Department of Psychiatry and Clinical Psychology, Saint Georges Hospital University Medical Center University of Balamand, Beirut, Lebanon.
Department of Psychiatry and Behavioral Neuroscience, Saint Louis University School of Medicine, Missouri, USA.
Expert Opin Pharmacother. 2021 May;22(7):783-795. doi: 10.1080/14656566.2021.1882995. Epub 2021 Feb 26.
To date, there is no FDA-approved treatment for agitation in Alzheimer's disease (AD). Medications currently used off-label have modest clinical efficacy and serious side effects.
The authors review the pharmacology, mechanism of action, pharmacokinetics, efficacy, safety and tolerability data of AVP-786, for the treatment of agitation in AD.

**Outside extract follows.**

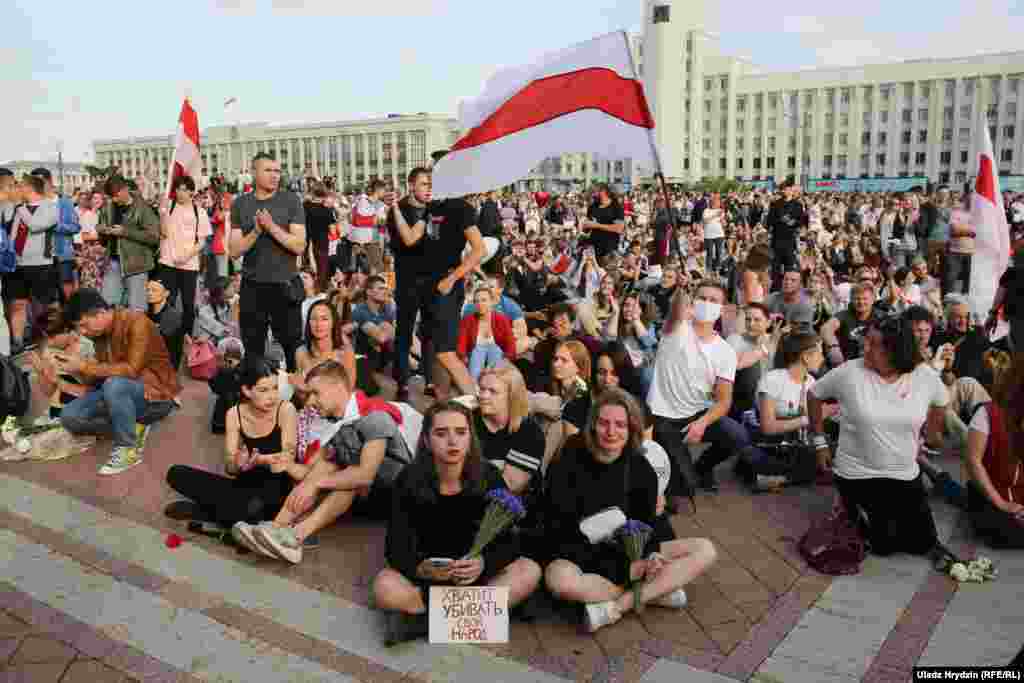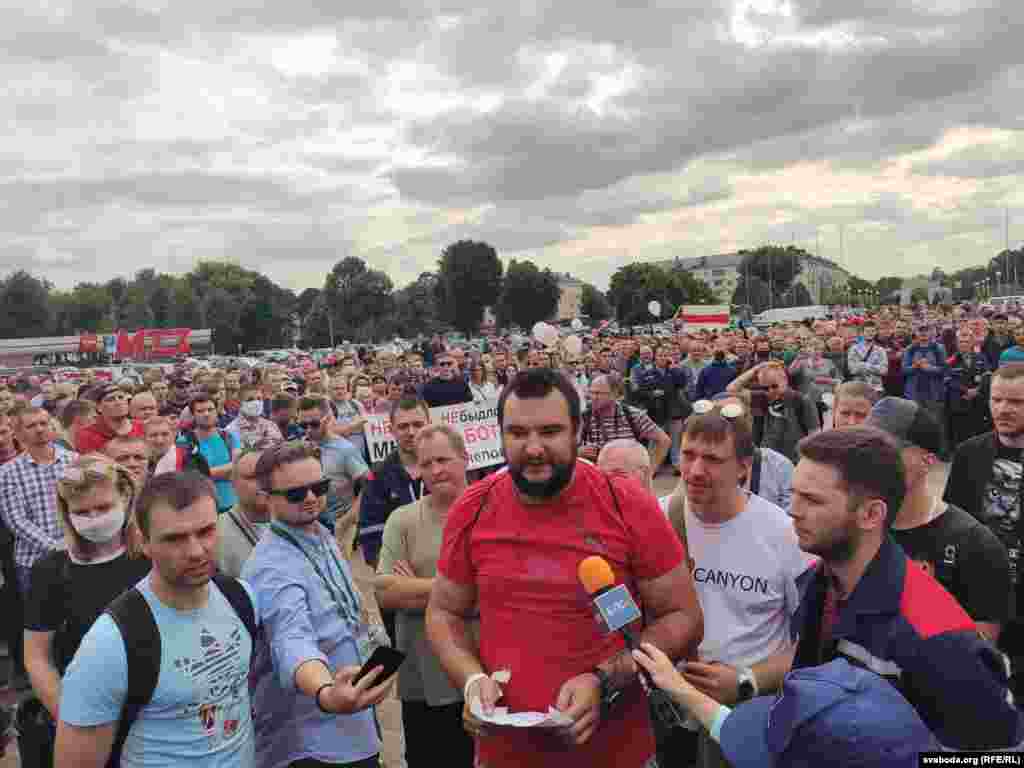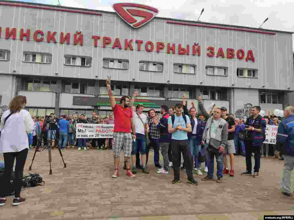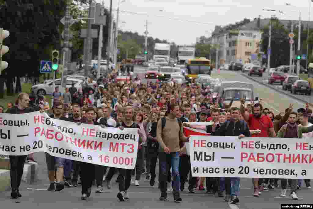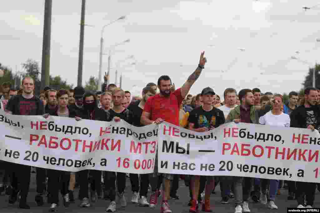 На пляцоўцы за прахадной Менскага трактарнага заводу (МТЗ) 14 жніўня адбыўся мітынг рабочых. На МТЗ прыехаў прэм’ер-міністар Раман Галоўчанка, але праігнараваў мітынгоўцаў на плошчы перад заводам і пайшоў да адміністрацыі МТЗ. Рабочыя пачалі марш да Дому ўраду. Вось як гэта было.

AVP-786, the deuterated form of dextromethorphan/quinidine (AVP-923) which is an approved treatment for Pseudo-Bulbar Affect, emerges as a promising and safe treatment for agitation in AD. Deuteration is an innovative technology that accelerates drug development by conducting faster and less costly clinical trials. No phase II trial was conducted with AVP-786 for the treatment of agitation in AD; the decision to expedite the development of this drug was based on a successful phase II study with AVP-923. Phase III trials with AVP-786 (TRIAD-1 and TRIAD-2) showed mixed findings probably due to the difference in study design. Future phase III studies should use innovative study designs such as the Sequential Parallel Comparison Design to mitigate high placebo response, and the Cohen-Mansfield Agitation Inventory for agitation assessment. They should also include positron emission tomography studies to assess occupancy of various receptors in the brain after AVP-786 is administered.
迄今为止,FDA 尚未批准用于治疗阿尔茨海默病(AD)患者激越症状的药物。目前临床上常使用一些未被批准用于该适应证的药物,但这些药物的疗效有限,且具有严重的副作用。
本文作者综述了 AVP-786 的药理学、作用机制、药代动力学、疗效、安全性和耐受性数据,该药用于治疗 AD 患者的激越症状。
AVP-786 是右美沙芬/奎尼丁(AVP-923)的氘代形式,后者是假性延髓情绪波动的一种已获批治疗药物,作为 AD 患者激越症状的一种有前景且安全的治疗药物而出现。氘代是一种创新技术,通过进行更快、成本更低的临床试验来加速药物开发。目前尚未开展 AVP-786 治疗 AD 患者激越症状的 II 期临床试验;加速开发该药的决定是基于 AVP-923 的 II 期成功研究。AVP-786 的 III 期临床试验(TRIAD-1 和 TRIAD-2)结果喜忧参半,这可能是由于研究设计的差异所致。未来的 III 期研究应采用创新的研究设计,如序贯平行比较设计,以减轻安慰剂的高应答率,并采用 Cohen-Mansfield 激越量表评估激越症状。此外,这些研究还应包括正电子发射断层扫描研究,以评估给药后大脑中各种受体的占有率。